Fig.A1f. Animation of the basic principle of the 'genome pixel image' (GPxI) method.
Examples of GPxIs and their interpretations
Figure A2 shows the GPxI of the first 150 Kb of the human X chromosome (Fig.A2a). While the size of 150 Kb is already too large for many applications of the traditional alignment methods, the striking patterns visible in the GPxI image in near the 5’ end highlight immediately the exact location for candidates of repetitive sequences without any prior knowledge of any special properties of the sequences in this location. Furthermore, one can see immediately that these special sequences occur in 2 clusters separated by a large stretch of non-repetitive DNA. Their pseudo-repetitive character becomes obvious through the action of 2 consecutive magnifications shown of Figures A2b and A2c: The larger the magnification, the less the repetitions of any patterns become detectable.

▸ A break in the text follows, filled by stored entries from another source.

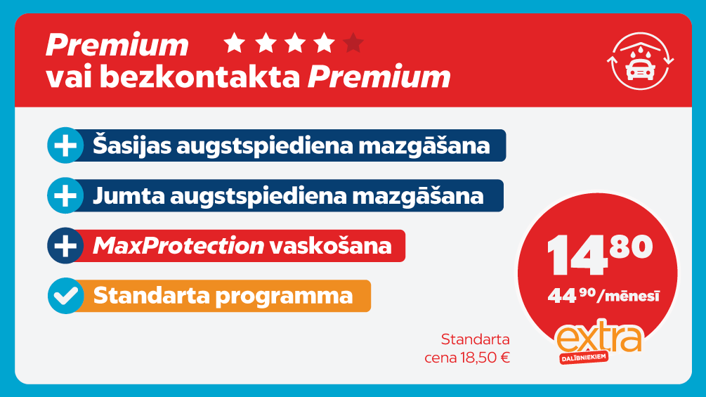 Izvēle ir tavās rokās! Ja mazgā savu auto ar Premium vai Standarta programmu, vari izvēlēties – mazgāt ar birstēm vai bez tām!
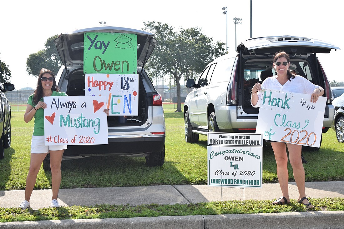 When Samantha van der Sommen, a senior at Lakewood Ranch High School, drove down Mustang Alley on May 21, she saw a sea of green and white balloons, homemade signs and dozens of parents lining the streets cheering.
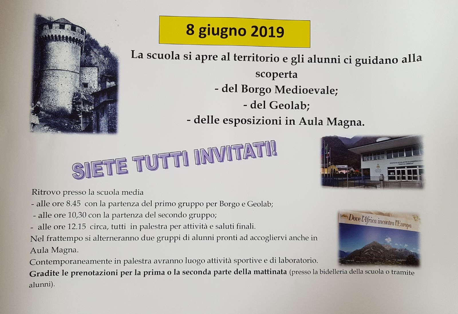 Alle ore 8.45 con la partenza del primo gruppo alla scoperta di Borgo e Geolab;
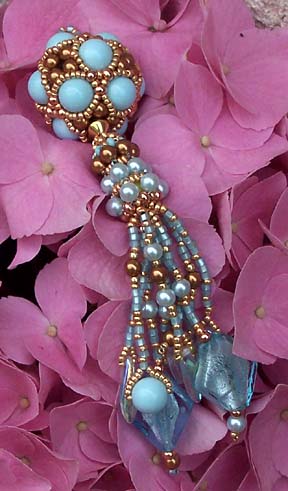 by Bernadette Ajdari Pompertuzat, France Bernadette used a variation on the Octahedral Cluster pattern to make this charm with blue porcelain and Swarovski pearls. |
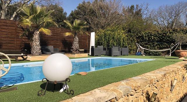 Piscine de 4 m x 8 m, utilisable en saison de 9h à 23h.
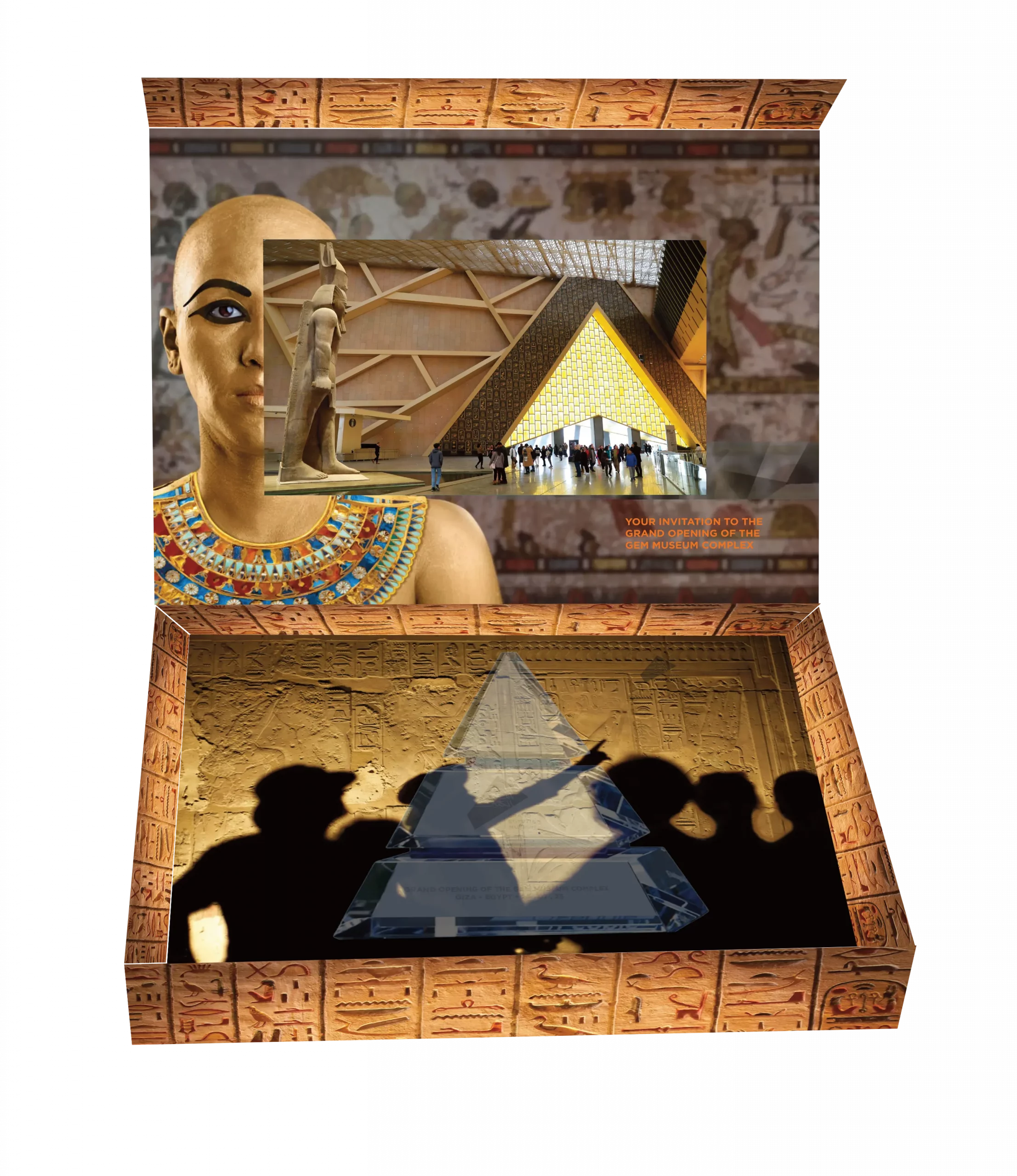 A luxury full colour printed, soft touch laminated AI Avatar Video Presentation Box, commissioned for the Grand Opening of the GEM Museum – ‘Gateway To The Pyramids at Giza, Egypt’. The box is built with a 7” high-definition screen, with auto start when you open the lid. The video contains an AI Avatar who introduces and invites the invitee (world leader) to the Grand Opening Event. At the end of the video, a QR Code is displayed and the invitee is encouraged to scan it with their mobile phone. The link takes them to a platform where they can watch the invitation information again and/or ask the host avatar any questions they might have about the event. The engraved glass memento nestled in the base of the box was intended for the guest to keep as a reminder of their wonderful experience at the GEM Museum in Giza, Egypt.
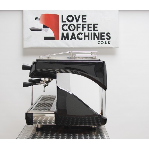 This Valina machine is finished in metallic black and chrome panels, and, as you can see, presents itself in lovely condition. Very few marks to be commented on, just some light scratches from use. Please see extensive photos. This machine is great if you need to serve takeaway as it has raised heads for tall 16oz cups but also pull out trays for shorter cups and espresso.
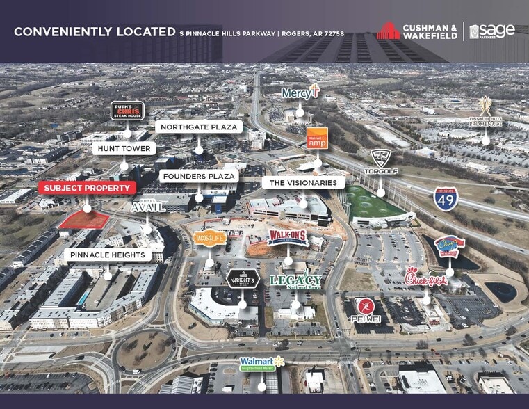 - Close to Hotel Avail, Pinnacle Hills Promenade, the Embassy Suites, Ruth’s Chris, Topgolf, Walmart Amp, and many restaurant and retail establishments
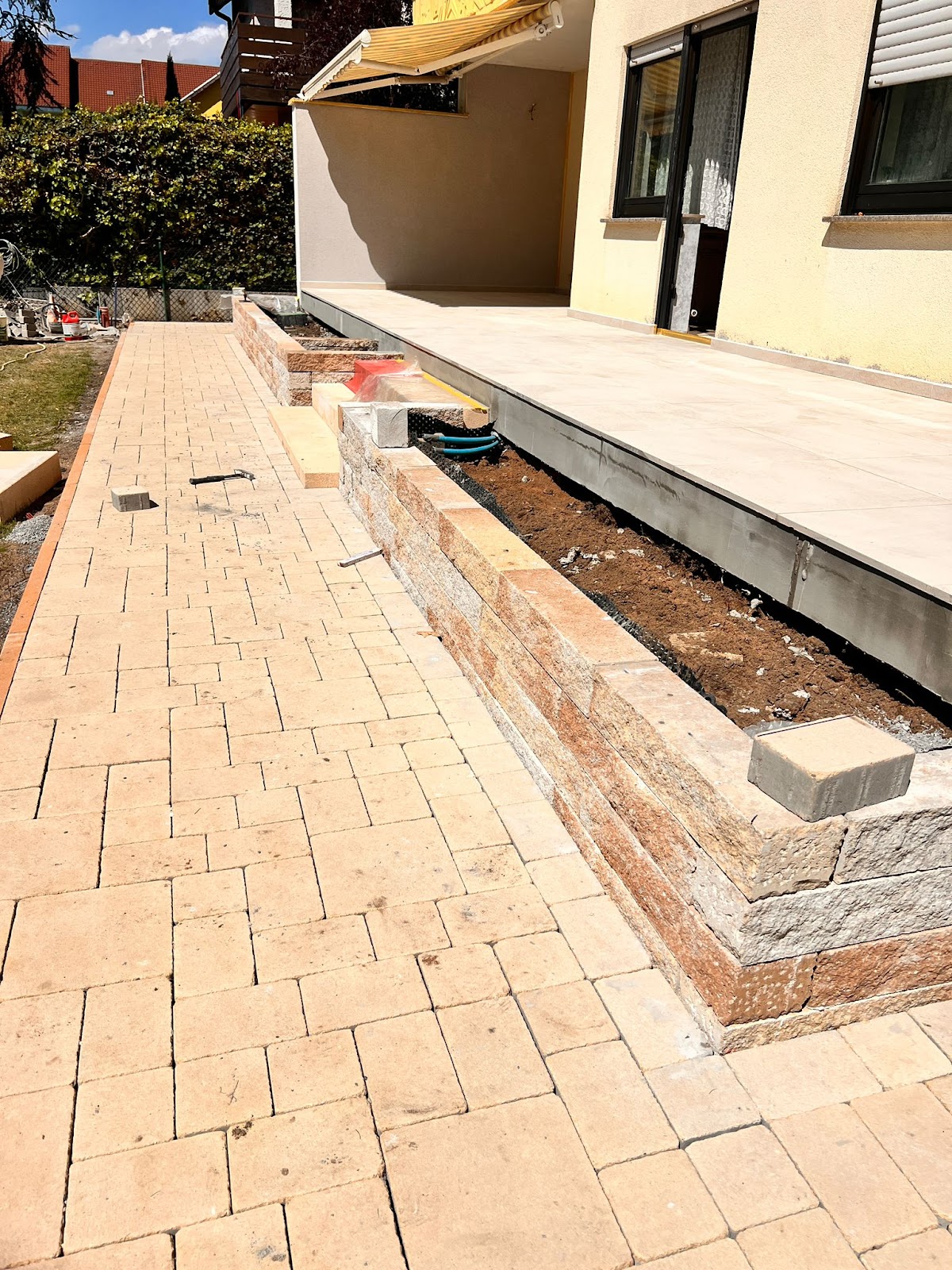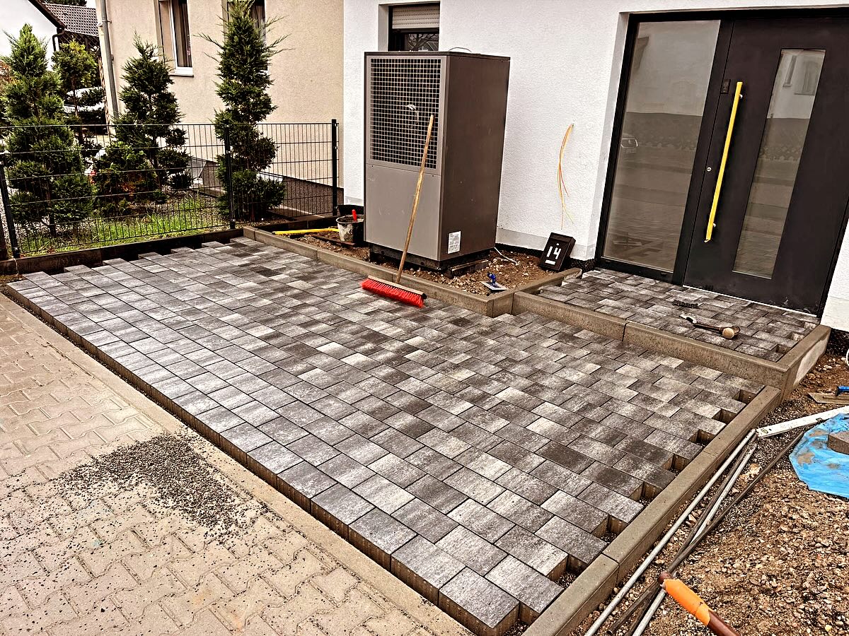 Die Arbeiter haben in zwei Wochen den ganzen Hof 165 qm, 30 cm dicken Beton abgerissen und danach fachgerecht mit Schotter, Split, Randsteine und 21 Paletten Anthrazit Pflastersteine gepflastert. Bei den Arbeiten haben wir auch kurzfristig eine Terrasse eingeplant und umgesetzt😀 Das Team ist professionell und gut organisiert. Immer wieder 👍

Fig.A2. GPxI of the first 150 Kb of the human X chromosome (Un-sequenced portions are omitted). (Scales: 50[b]/division)
(a). The appearance of several pseudo-repetitive sequences as various, seemingly repetitive patterns. The appearance of identical repetition
vanishes with increasing magnification of the GP demonstrating the power of the human visual sense to still detect rules and relationships between
DNA sequences even after mutations and variations have obliterated them to a large degree.
(b). Enlargement of the portion of the GPxI within the black frame in panel a.
(c). Enlargement of the portion of the GPxI within the black frame in panel b.
The distinction between repetitive and pseudo-repetitive sequences can be tested by GPxIs in a much more objective way, too. Obviously, the appearance of any patterns depends on the width of the GPxI, as it determines which downstream part of a sequence is written directly below it. Given a series of truly repetitive motifs there will exist specific values for the GPxI-width where the motifs fall into perfect register and, thus, generate a pattern of vertical lines. As shown in Figure A3a, at a GPxI-width of 610 [b] the obliquely striped patterns shown in Fig.A2a seem to turn into vertical lines (marked as ‘1’ in Figure A3). However, as shown by the magnified inset at the right hand side, the vertical lines are not perfect. Instead, they fall into 3 groups shifted out of register by 2 insertions. Furthermore, they are interrupted by numerous point mutations that appear as differently colored pixels within many vertical lines. Both properties identify them not only as pseudo-repeats, but also identify the causes of their differences.
Fig.A3.Effect of GPxI-width on pattern appearance and recognition on a portion of the GPxI of Figure A2. The numbers 1,2,and 3 indicate
the same domains on each panel. Enlargments of these domains are shown on the right hand side.(Scale: 50[b]/division)
(a). GPxI-width = 610 [b]. The pattern at '1' turns vertical but, as shown by the enlargement, contains deviations in the form of 2 shifts
(=insertions) and single deviant pixels (=point mutations).
(b). GPxI-width = 568 [b]. The domains '2' and '3' appear almost random.
(c). GPxI-width = 551 [b]. Domain '2' shows a clear periodicity with few deviations. Domain '3'' shows pseudo-repetitive patterns.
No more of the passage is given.